Lombokvibes.com, Mataram– Tim Seleksi Pemilihan Anggota Komisi Penyiaran Indonesia Daerah (KPID) Provinsi Nusa Tenggara Barat resmi membuka pendaftaran calon anggota KPID NTB masa jabatan 2026–2029. Pendaftaran dibuka mulai 22 Juni hingga 21 Juli 2026 dan dilakukan sepenuhnya secara daring.
Keputusan pembukaan pendaftaran tersebut ditetapkan dalam rapat Tim Seleksi yang berlangsung di Sekretariat Tim Seleksi Kantor DPRD Provinsi NTB, Senin (22/6/2026).
Ketua Tim Seleksi, Dr. H. Ahsanul Khalik, S.Sos., M.H., mengatakan proses seleksi ini menjadi momentum untuk menjaring figur-figur terbaik yang memiliki integritas, independensi, serta komitmen dalam memajukan dunia penyiaran di NTB.
“Seleksi ini merupakan kesempatan untuk menghadirkan figur-figur terbaik yang memiliki integritas, independensi, kompetensi, dan kepedulian terhadap kemajuan dunia penyiaran di Nusa Tenggara Barat,” ujarnya.
Seluruh tahapan pendaftaran dilakukan melalui portal resmi yang telah disiapkan pemerintah.

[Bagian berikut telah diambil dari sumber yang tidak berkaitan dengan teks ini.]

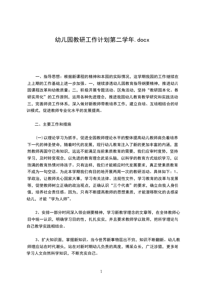 一、指导思想:根据新课程的精神和本园的实际情况,这学期我园的工作继续在上上期的工作基础上进一步加强。一,继续渗透幼儿园教育指导纲要精神,推进幼儿园课程改革和幼教质量;二,积极开展专题活动、区角活动,坚持“教研园本化、教研实用化”的工作原则,运用各种先进理念,推进我园幼儿教育教学研究和实践活动;三,完善师资工作体系,深入做好新教师带教培养工作,建立自培、互培相结合的培训模式,促进教师专业化水平的发展提高。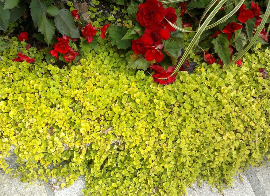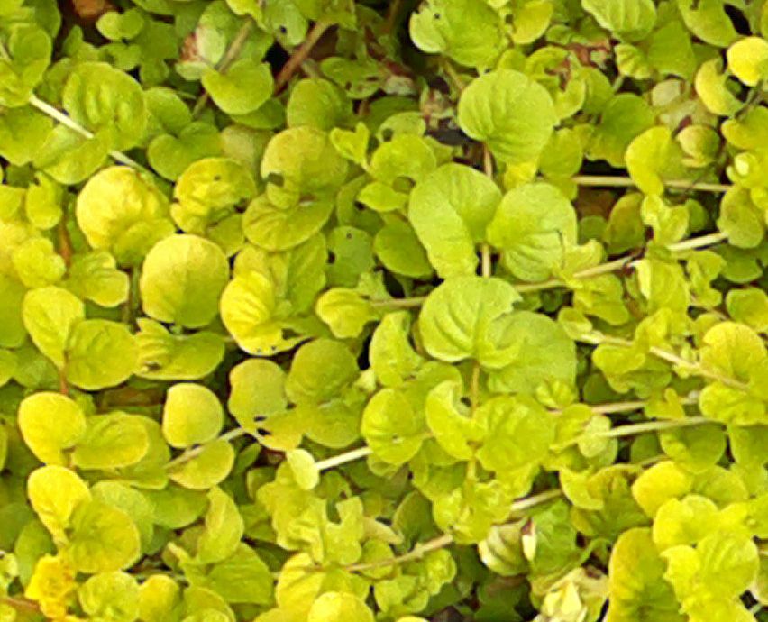 purtroppo non è la dichondra, che pure ho in giardino e mi piace molto. La dichondra non è amante del pieno sole, questa pianta invece sembra prediligere un'esposizione assolata e non deve temere il freddo, visto che era in montagna anche se non certo ad alta quota (circa 1000 metri di altitudine). Ha un colore giallo-verde chiarissimo, le foglie sono piccole e opposte, ed è una stolonifera. Si propaga tramite lunghi stoloni che ricoprono tutto lo spazio, creando un tappeto luminoso.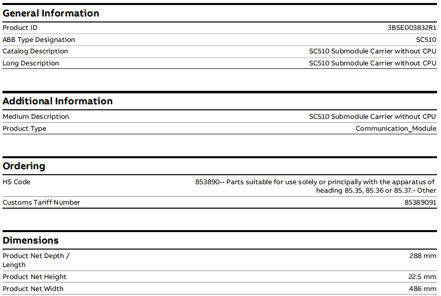ABB SC510 — это ключевая платформа аппаратного расширения в распределенной системе управления процессами Advant Master. 3BSE003832R1 определяется как несущая подмодуля без ЦП. Основная функция — служить носителем физических и электрических интерфейсов для установки и переноса различных функциональных коммуникационных субмодулей.

Masyarakat dapat mengakses informasi lengkap terkait jadwal seleksi, persyaratan, tata cara pendaftaran, hingga pengunggahan dokumen melalui laman seleksi KPID NTB.

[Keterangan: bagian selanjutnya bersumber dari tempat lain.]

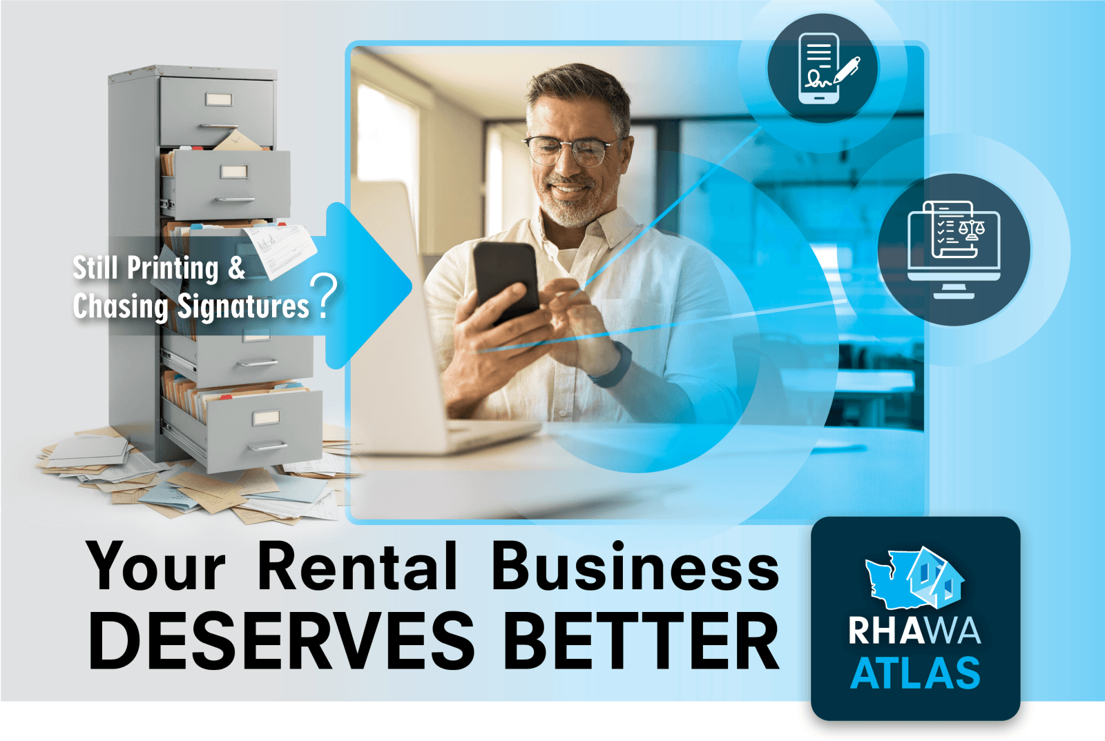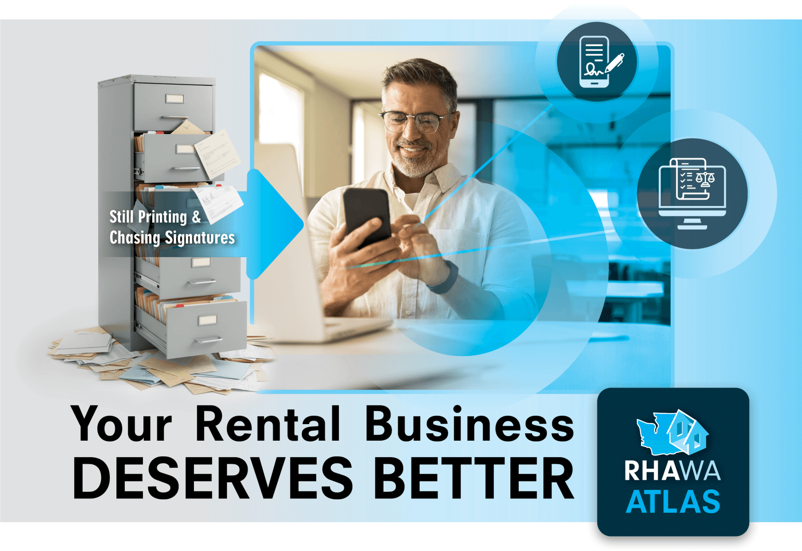 Our innovation team built this app for Washington small housing providers. Not corporations. Big software companies don't understand your business. You're independent. You move fast. You need tools that work for 1 unit or 100 units, not for some corporate franchise operation. RHAWA's Atlas is different. Built by RHAWA specifically for rental housing providers like you.

Peserta diwajibkan menyiapkan dokumen persyaratan dalam format PDF dan mengunggahnya sebelum batas akhir pendaftaran. Tim Seleksi mengingatkan bahwa kelengkapan administrasi menjadi salah satu faktor utama dalam proses seleksi awal.
Ahsanul Khalik yang akrab disapa Aka menjelaskan, pelaksanaan seleksi mengacu pada regulasi dan pedoman yang ditetapkan oleh Komisi Penyiaran Indonesia. Salah satu ketentuan yang menjadi perhatian adalah calon petahana (incumbent) yang lolos seleksi administrasi tidak mengikuti uji kompetensi dan langsung melanjutkan ke tahap Uji Kepatutan dan Kelayakan (Fit and Proper Test) di DPRD Provinsi NTB.

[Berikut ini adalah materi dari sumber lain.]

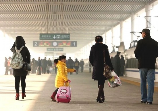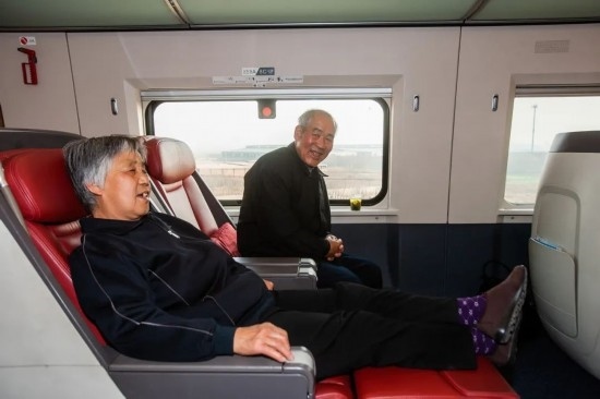 2015年,一對(duì)老兩口乘坐高鐵到北京與兒子過(guò)團(tuán)圓年,實(shí)現(xiàn)反向春運(yùn)。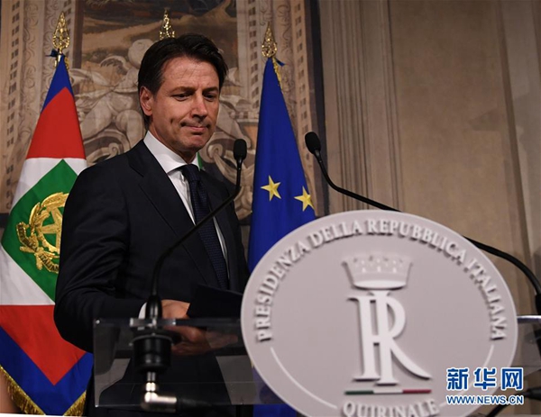 5月27日,在意大利首都羅馬,意新任總理孔特發(fā)表講話。據(jù)當(dāng)?shù)孛襟w報(bào)道,孔特27日晚間與總統(tǒng)馬塔雷拉會面并提交擬定的內(nèi)閣成員名單時(shí),馬塔雷拉否決了由意大利聯(lián)盟黨和五星運(yùn)動力推的持疑歐立場的經(jīng)濟(jì)學(xué)家保羅·薩沃納出任財(cái)政部長。孔特向總統(tǒng)提出放棄組閣任務(wù)請求,請求得到總統(tǒng)確認(rèn)。新華社發(fā)(阿爾貝托·林格里亞攝)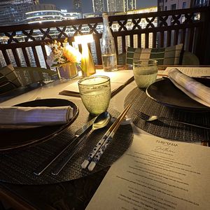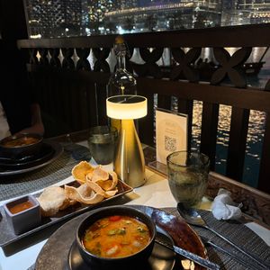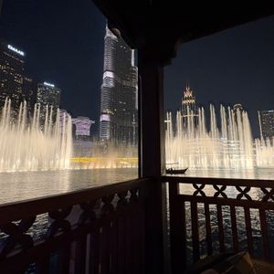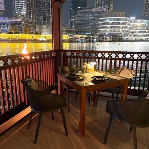 噴水ショーを間近に見られるテラス席で食事しました。魚のコースにしましたが、量がおおいので、すこしもったいなかったかも。日本人が多かったです。ライトアップした、バージュカリファ、噴水ショーは、一度は見ておきたいです。食事は美味しかったです。お肉は食べてません。お肉を食べている人もたくさんいました。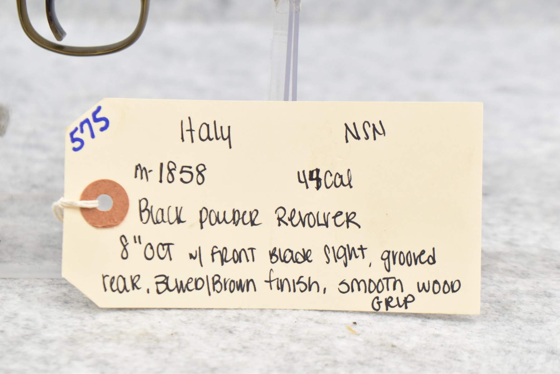 575. Italian – Mod. 1858 – 44 Cal. Black Powder Revolver – w/8” Octagon Barrel w/Front Blade Sight & Groove Rear Sight – Blued/Brown Finish – w/Smooth Wood Grip

Menurutnya, aturan tersebut merupakan ketentuan nasional yang wajib dijalankan guna menjamin kepastian hukum dan kesetaraan perlakuan bagi seluruh peserta.
Selain itu, Tim Seleksi menegaskan bahwa seluruh proses seleksi tidak dipungut biaya. Masyarakat diminta waspada terhadap segala bentuk penipuan yang mengatasnamakan panitia seleksi maupun pihak lain yang menjanjikan kelulusan dengan imbalan tertentu.
Tim Seleksi berharap proses penjaringan ini dapat melahirkan komisioner KPID yang profesional, independen, dan memiliki visi kuat dalam menjaga kualitas penyiaran di Nusa Tenggara Barat.
Keberadaan anggota KPID yang berkualitas dinilai sangat penting untuk memperkuat perlindungan kepentingan publik, mendorong penyiaran yang sehat dan edukatif, serta menjawab tantangan perkembangan media dan teknologi digital yang terus berkembang.
“Semakin banyak putra-putri terbaik NTB yang berpartisipasi, semakin besar peluang kita mendapatkan komisioner KPID yang kredibel dan mampu mengawal penyiaran yang berkualitas demi kepentingan masyarakat,” tutup Aka.